Post-Feminist Secular Ideology
 Secular conservative women, by contrast, dismiss religious configurations in favor of a rhetoric stemming from (and twisting the meanings of) certain configurations of feminism. Theorists associated with the Women's Freedom Network and the Independent Women's Forum advocate, as their organizational names imply, freedom and independence. They oppose any political project which advocates structural change for women in favor of an ideology of complete personal choice. Their platforms have little to do with theology; rather they use the languages of liberalism and liberal feminism to suggest that women should be allowed to "freely choose" dependency, domesticity, and conventional women's roles. Thus, these public figures encourage women to choose full-time motherhood and family life as legitimate feminist options.
 A new group of self proclaimed "post-feminist" and "conservative feminist" speakers have emerged in the academy who–on the basis of individual choice–make a series of claims that stand in opposition to a long history feminist thinking. In theirProfessing Feminism, for example, Daphne Patai and Noretta Koertge argue that contemporary American feminism has fallen prey to a "political correctness" which limits and inhibits a wider set of social possibilities and choices for women. "Whereas feminists originally argued for a loosening of gender roles, now there is great pressure from within for conformity."28 In the name of feminism, Patai and Koertge castigate feminist agendas that have attempted to include minorities (such as lesbians and black women). Because they believe that straight, white people are victims of identity policing, these authors want everyone to rely only on generic humanness, without appeal to unique experiences involved with structural identities (like woman, black, or lesbian). Differences such as gender, class, race and sexual preference should be ignored, they argue, so that everyone will have maximum access to free choice. They believe that feminist liberation is a matter of overcoming oppression with education and self-respect, not of structural change for women's lives.

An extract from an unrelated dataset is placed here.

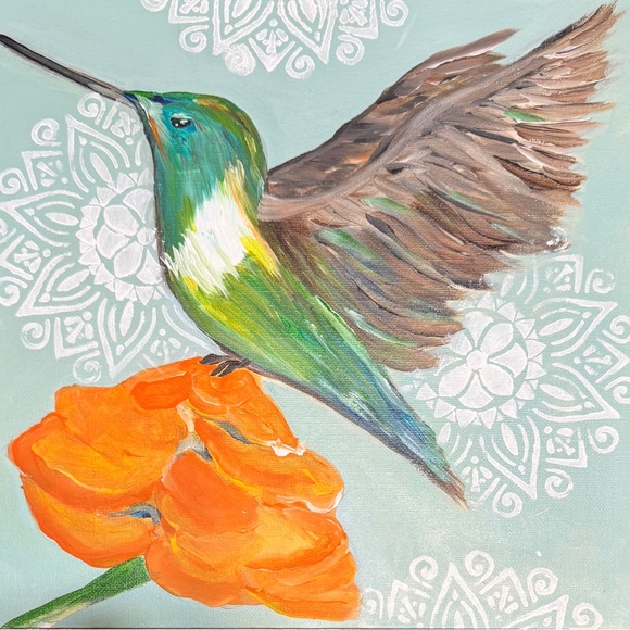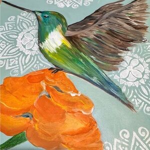 Colorful canvas art featuring a lively hummingbird and bright orange flower. Ideal for nature lovers. Acrylic on flat panel canvas which is ideal for framing.

 Similarly, Christina Hoff Sommers, in Who Stole Feminism?, decries what she calls "gender feminism," which, she suggests, focuses too narrowly on oppression, inequality, and difference. She opposes any feminism that "is filled with resentment that rationalizes and fosters a wholesale rancor to women."29According to her, there is no reason for women to be angry as no oppression really exists. Because women have been accepted in the public domain, they have already won. Self-consciously valorizing the language of individual freedom, Sommers suggests, "gender feminism has little faith in the Enlightenment principles that influenced the founders of American political order and that inspired the great classical feminists to wage their fight for women's rights."30 In contradistinction to most feminists today, she doesn't think gender oppression is widespread enough to warrant attention; rather, she sees the project of gaining equality for women as complete. The task that confronts feminism in the future, she suggests, is to help women make better choices for themselves with this new-found freedom. Thus, Patai and Koertge and Hoff Sommers all agree that women should abandon their obsession with misogyny, an obsession that has disabled them in the public sphere and seize the opportunities and choices afforded them as full-fledged members of the human race. These texts pave paths for women to feel good about making choices for traditional female roles.

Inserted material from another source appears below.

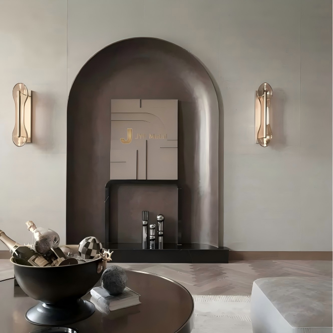 EX984 Custom Made Stainless Steel Fireplace Frame Art Deco Design Floor Mount Installation for Outdoor Architectural Interior

 In a similar vein, Rene Denfeld's The New Victoriansaccuses the contemporary feminist movement–including NOW, women's studies courses, and feminist leaders–of being anti-male, sexually repressed, too focused on lesbianism, too invested in victim mythology, opposed to free speech, and overly involved with spirituality and morality; as she puts it, "the [feminist] movement has become bogged down in an extremist moral and spiritual crusade that has little to do with women's lives."31 These tendencies, she claims, account for why young women refuse the identity of feminism.
 Finally, in her best-selling Feminism is Not the Story of My Life, Elizabeth Fox-Genovese critiques mainline feminism for making pronouncements and assumptions about women's lives. For her, feminism should ultimately be about women's self-determination; insofar that it is interested in social issues broader than individual choice, it has "lost touch with the real concerns of women." As she writes,
Feminists accuse the religious right of trying to dictate what a woman should be and how she should think about a vast array of complicated problems. Meanwhile, these same feminists practice the very thing they preach against…Feminist diversity does not embrace women who oppose abortion, do not view heterosexual encounter as rape, prefer to stay home with young children, see some value in single-sex education, or do not want every workplace flirtation to be punished as sexual harassment.32
While Fox-Genovese's portrayal of feminism is, like many other post-feminist portrayals, unquestionably narrow and distorted, the underlying message here is clear. From this perspective, women should be allowed to freely choose anything they want, even if they make choices that feminists see as oppressive.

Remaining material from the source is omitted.